(Records from a dataset)

•••

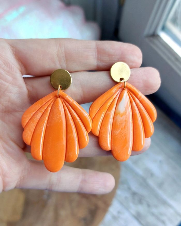 Boucles d'oreilles en acier inoxydable doré et argile polymère vernie. Longueur 5 cm Légères
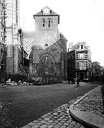 Le projet de construction d'une nouvelle église remonte à 1840. En 1852, le projet de l'architecte Liger est validé. Le choix consiste à implanter le nouvel édifice à côté de l'église ancienne. Les façades font l'objet d'une campagne tardive, de 1895 à 1896. L'édifice affecte un plan classique à croix latine, transept saillant, choeur à déambulatoire et chapelles rayonnantes. Une façade à deux tours, non prévue à l'origine, achève de lui conférer une facture néo-romane. A l'extérieur, jeux d'appareils en alternance granit, calcaire et brique voulant imiter de loin l'effet mosaïque. Le programme décoratif intérieur se concentre autour de la chapelle axiale de la Vierge. La mosaïque est due à Facchina.
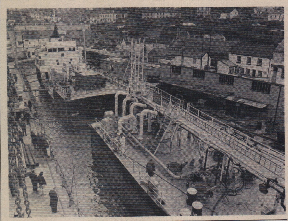 Ship surgery at Appledore where the Richmond dock is now being used by Appledore Shipbuilders Ltd for the lengthening of ships. After the ‘patient’ has been cut in half, the bow section is floated out to enable a new centre section to be manoeuvred in next to the stern section. Then the bow section is brought back and all three pieces are joined.
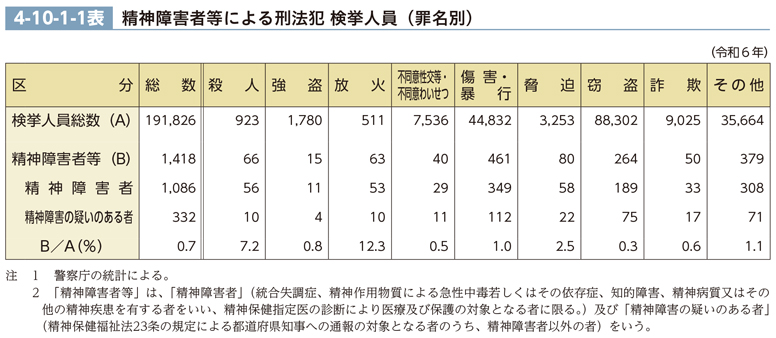 4-10-1-1表は、令和6年における精神障害者等(精神障害者及び精神障害の疑いのある者をいう。以下この節において同じ。)による刑法犯の検挙人員と、検挙人員総数に占める精神障害者等の比率を罪名別に見たものである。同年における刑法犯の検挙人員総数のうち、精神障害者等の比率は、0.7%であったが、罪名別で見ると、放火(12.3%)及び殺人(7.2%)において高かった。
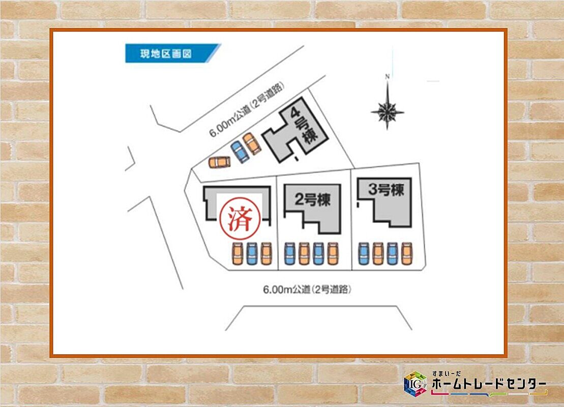| 駐車場 | 3台 ~ 4台(1・4号棟(3台)、2・3号棟(4台)) | 道路の幅員 | 道路幅:6m、アスファルト舗装、南西側6.00m公道、北西側6.00m公道 |
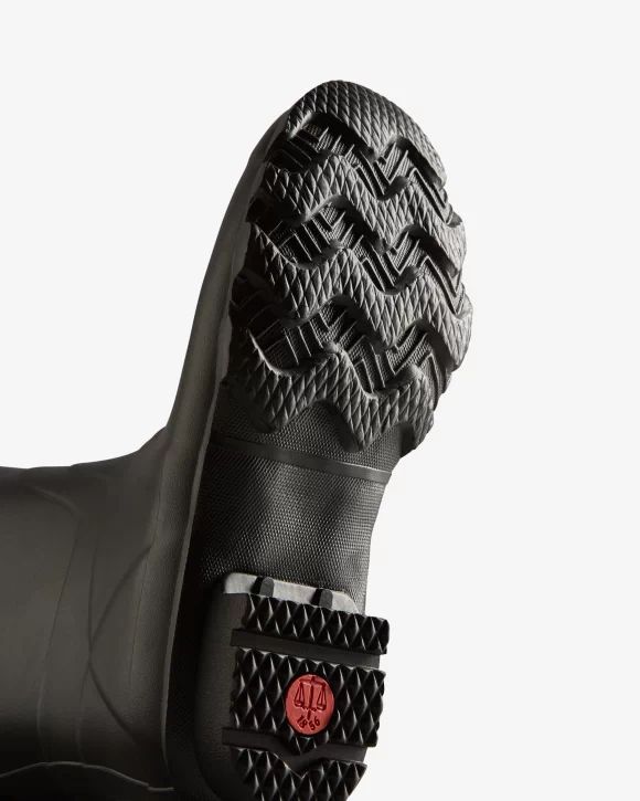 The Huntress Rain boot is a durable design, handcrafted from a soft rubber compound. This black style features a slightly lower leg length compared to the Original Tall and a wider calf for optimum comfort. The zigzag sole construction is robust and durable, offering high traction, ultimate grip which also allows for easy mud release.
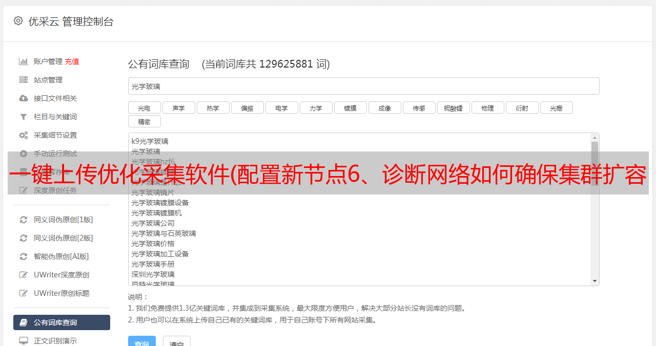 优采云 发布时间: 2021-11-25 20:00一键上传优化采集软件(配置新节点6、诊断网络如何确保集群扩容过程中
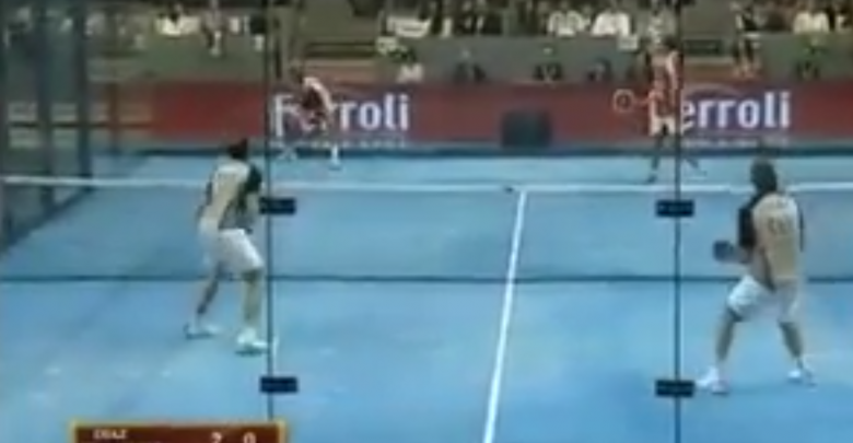Juan Martin Diaz réalise un coup de défense lors d’un match comptant pour le Padel Pro Tour impressionnant.

•••

**WORK ITEM:** Print every record exactly, without the pictures.

**RESPONSE:**
 Boucles d'oreilles en acier inoxydable doré et argile polymère vernie. Longueur 5 cm Légères
 Le projet de construction d'une nouvelle église remonte à 1840. En 1852, le projet de l'architecte Liger est validé. Le choix consiste à implanter le nouvel édifice à côté de l'église ancienne. Les façades font l'objet d'une campagne tardive, de 1895 à 1896. L'édifice affecte un plan classique à croix latine, transept saillant, choeur à déambulatoire et chapelles rayonnantes. Une façade à deux tours, non prévue à l'origine, achève de lui conférer une facture néo-romane. A l'extérieur, jeux d'appareils en alternance granit, calcaire et brique voulant imiter de loin l'effet mosaïque. Le programme décoratif intérieur se concentre autour de la chapelle axiale de la Vierge. La mosaïque est due à Facchina.
 Ship surgery at Appledore where the Richmond dock is now being used by Appledore Shipbuilders Ltd for the lengthening of ships. After the ‘patient’ has been cut in half, the bow section is floated out to enable a new centre section to be manoeuvred in next to the stern section. Then the bow section is brought back and all three pieces are joined.
 4-10-1-1表は、令和6年における精神障害者等(精神障害者及び精神障害の疑いのある者をいう。以下この節において同じ。)による刑法犯の検挙人員と、検挙人員総数に占める精神障害者等の比率を罪名別に見たものである。同年における刑法犯の検挙人員総数のうち、精神障害者等の比率は、0.7%であったが、罪名別で見ると、放火(12.3%)及び殺人(7.2%)において高かった。
| 駐車場 | 3台 ~ 4台(1・4号棟(3台)、2・3号棟(4台)) | 道路の幅員 | 道路幅:6m、アスファルト舗装、南西側6.00m公道、北西側6.00m公道 |
 The Huntress Rain boot is a durable design, handcrafted from a soft rubber compound. This black style features a slightly lower leg length compared to the Original Tall and a wider calf for optimum comfort. The zigzag sole construction is robust and durable, offering high traction, ultimate grip which also allows for easy mud release.
 优采云 发布时间: 2021-11-25 20:00一键上传优化采集软件(配置新节点6、诊断网络如何确保集群扩容过程中
Juan Martin Diaz réalise un coup de défense lors d’un match comptant pour le Padel Pro Tour impressionnant.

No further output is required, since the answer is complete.